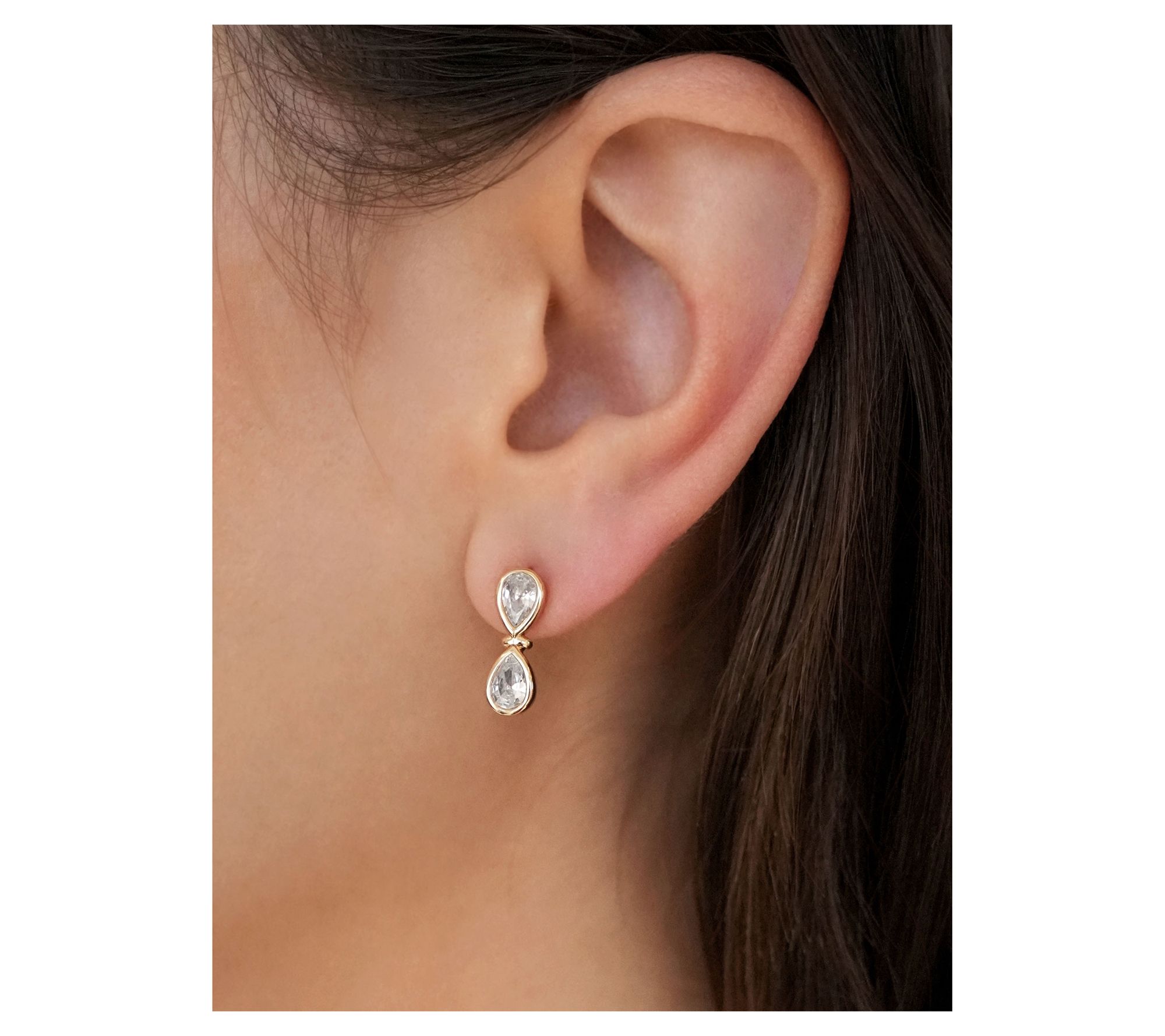 • Pear-cut cubic zirconia stones; bezel settings; infinity drop design
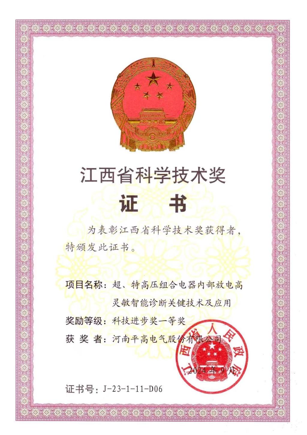 近日,平高電氣參與申報(bào)的《超、特高壓組合電器內(nèi)部放電高靈敏智能診斷關(guān)鍵技術(shù)及應(yīng)用》項(xiàng)目榮獲江西省科技進(jìn)步獎(jiǎng)一等獎(jiǎng)。
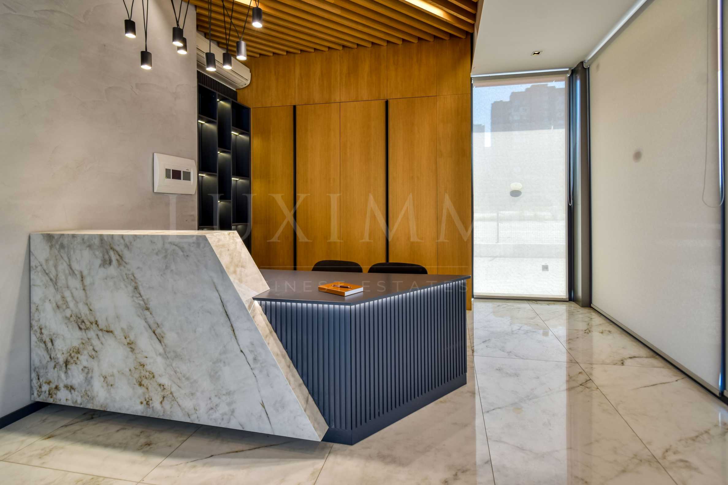 We present for rent a spacious office with an area of 324 sq m, located in a modern office building with a prestigious vision and easy access, situated on the main boulevard in the Druzhba 1 residential area. The building has three separate floors for rent, each with independent and controlled access from the elevator via a chip system.
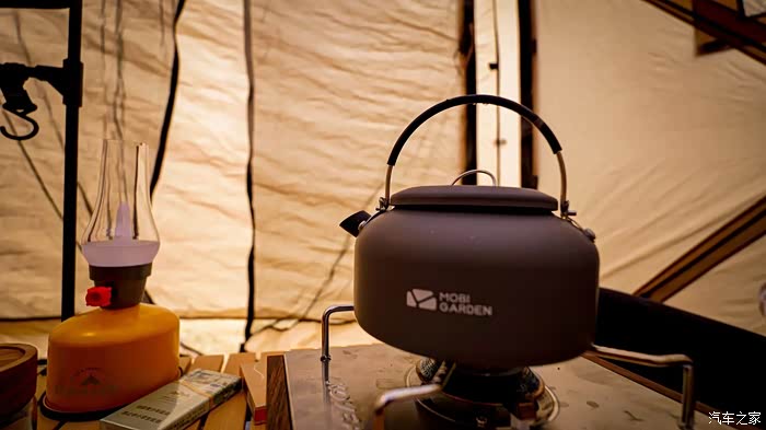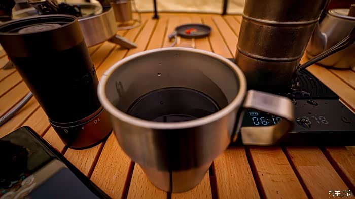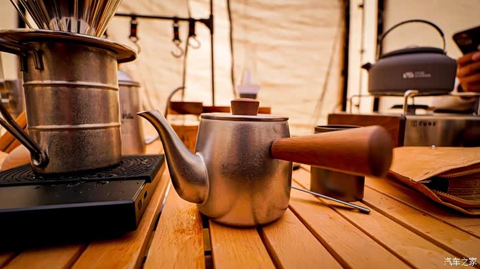 用卡磁炉煮一壶热水沏杯咖啡,暖暖胃

# # # #

### TASK DIRECTIONS
Exactly as they appear, print the lines of the listing above from its first line through the line that contains "近日,平高電氣參與申報(bà", minus the pictures.

### TASK RESPONSE
 • Pear-cut cubic zirconia stones; bezel settings; infinity drop design
 近日,平高電氣參與申報(bào)的《超、特高壓組合電器內(nèi)部放電高靈敏智能診斷關(guān)鍵技術(shù)及應(yīng)用》項(xiàng)目榮獲江西省科技進(jìn)步獎(jiǎng)一等獎(jiǎng)。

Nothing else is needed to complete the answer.